The book was made into a 1960 movie with James Garner as Cash McCall, Natalie Wood as Lory Austen, and Dean Jagger as her father Grant. I thought both the book and the movie were very good: the movie has a lighter tone than does the book and is almost–not quite–a comedy.

 

Executive Suite.  The Tredway Corporation, a furniture manufacturer that has been run by Avery Bullard for decades, urgently needs a new CEO.  There are five candidates: comptroller Loren Shaw, treasurer Frederick Alderson, design and development director Don Walling, manufacturing chief Jesse Grimm, and head of sales Walter Dudley. There is also at least one external candidate.  A key shareholder is Julia Tredway, daughter of former company leader Orrin Tredway (son of the company founder) who committed suicide as the company faced financial disaster. Avery Bullard then took over, saving the company and building it to a substantial player in the furniture industry. Bullard also had an affair with Julia Tredway–which ended because of Bullard’s total commitment of his time to the business and Julia’s serious mental problems. She now has bad feelings about the company and finds it painful to even think about Tredway, but her support will be essential for the winning candidate.

One nice piece of writing in this book is the passage excerpted below, representing Don Walling’s thoughts while wondering if he could lead the company successfully–and if he will get the opportunity to do so. He sees not only the map of company facilities on the wall and the buildings out the window, but with his mind’s eye he sees the equipment in the factories, the workers running that equipment, and “a salesman stopping a Tredway automobile to drink a Coke at a filling station beside an Arkansas road…an old woman dusting furniture in the air-conditioned Chicago display room…a sweating man scaling lumber at the edge of a steaming Honduras jungle”…and his vision encompasses all of those families which are dependent on Tredway.  The passage reminds me of something in Wouk’s The Caine Mutiny, reflecting Willie Keith’s thoughts when, after the court-martial and the end of the war, he becomes the last captain of the Caine:

Even at anchor, on an idle, forgotten old ship, Willie experienced the strange sensations of the first days of a new captain: a shrinking of his personal identity, and a stretching out of his nerve ends to all the spaces and machinery of his ship. He was less free than before. He developed the apprehensive listening ears of a young mother; the ears listened on in his sleep; he never quite slept, not the way he had before. He had the sense of having been reduced from an individual to a sort of brain of a composite animal, the crew and ship combined. The reward for these disturbing sensations came when he walked the decks. Power seemed to flow out of the plates into his body.

But Don Walling, despite his over-arching vision of the business–which seems broader than that of any of the other candidates–is not the Captain of Tredway, at least not yet.  Will he get the job?

A detailed review, which does contain some spoilers, can be found here.

The book was the basis for a 1954 movie, with actors including William Holden, June Allyson, Barbara Stanwyck, Frederick March, and Shelley Winters.
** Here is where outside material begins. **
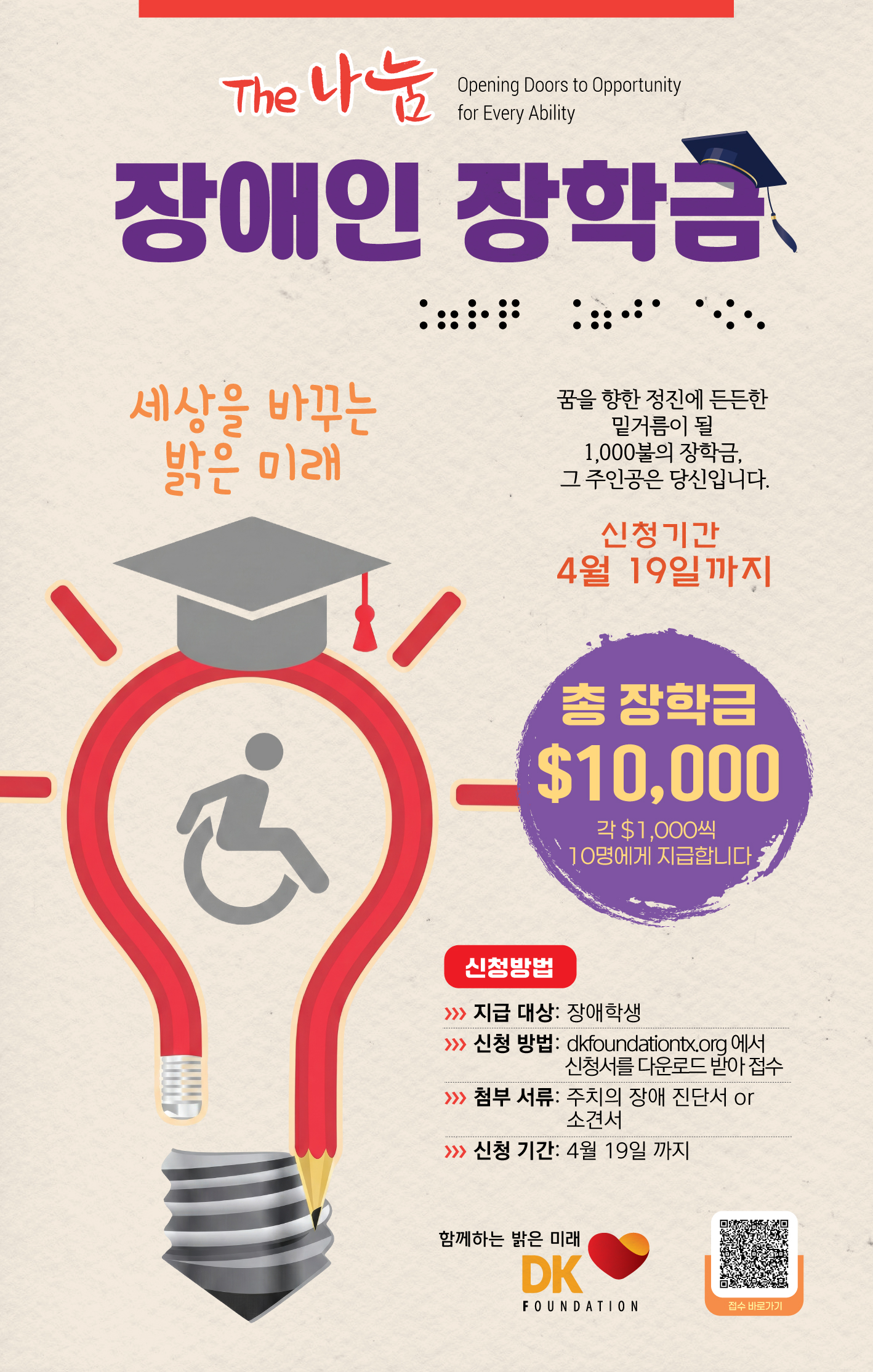 DK 파운데이션, 제4회 ‘더 나눔 장애인 장학금’ 신청 마감 임박
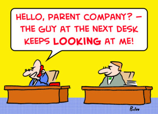 Parent, company, next, desk, looking

Hawley’s books portray a far more positive view of American business than was common in novels of the time, or indeed at almost any time in the 20th century. He himself had considerable business experience, with 24 years as an executive at Armstrong Cork in Pennsylvania.

The books and movies are all highly recommended.
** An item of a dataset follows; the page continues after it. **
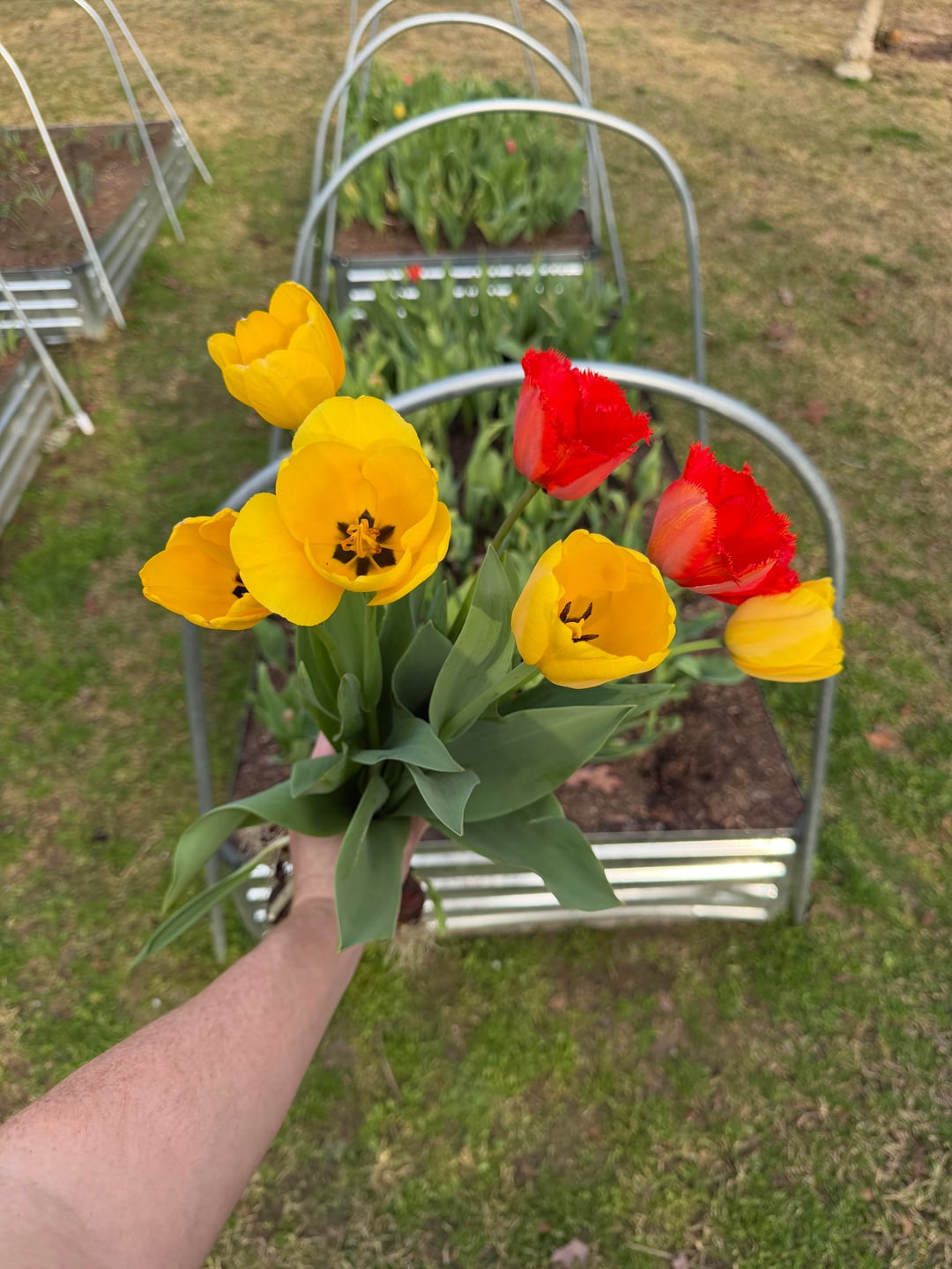 I started growing tulips two years ago and it’s become a yearly hobby of mine! I buy 1,000 count mystery tulips bulbs from Holland bulbs. I grow all mine in raised beds. I love the mystery bundles because I never know what style I’m growing until they bloom!

2 thoughts on “Book Review: The Business Novels of Cameron Hawley”

  1. (Somehow my comment disappeared. Let’s see if I can recover it from memory.)

    If one could become rich persuading people to buy books one book at a time, you, sir, would be wealthy. I have decided to buy the book (although who knows who gets the money these days).

    As with your other book reviews, well done.

    TCM has of late being showing “Executive Suite,” though I don’t think it is currently on their schedule.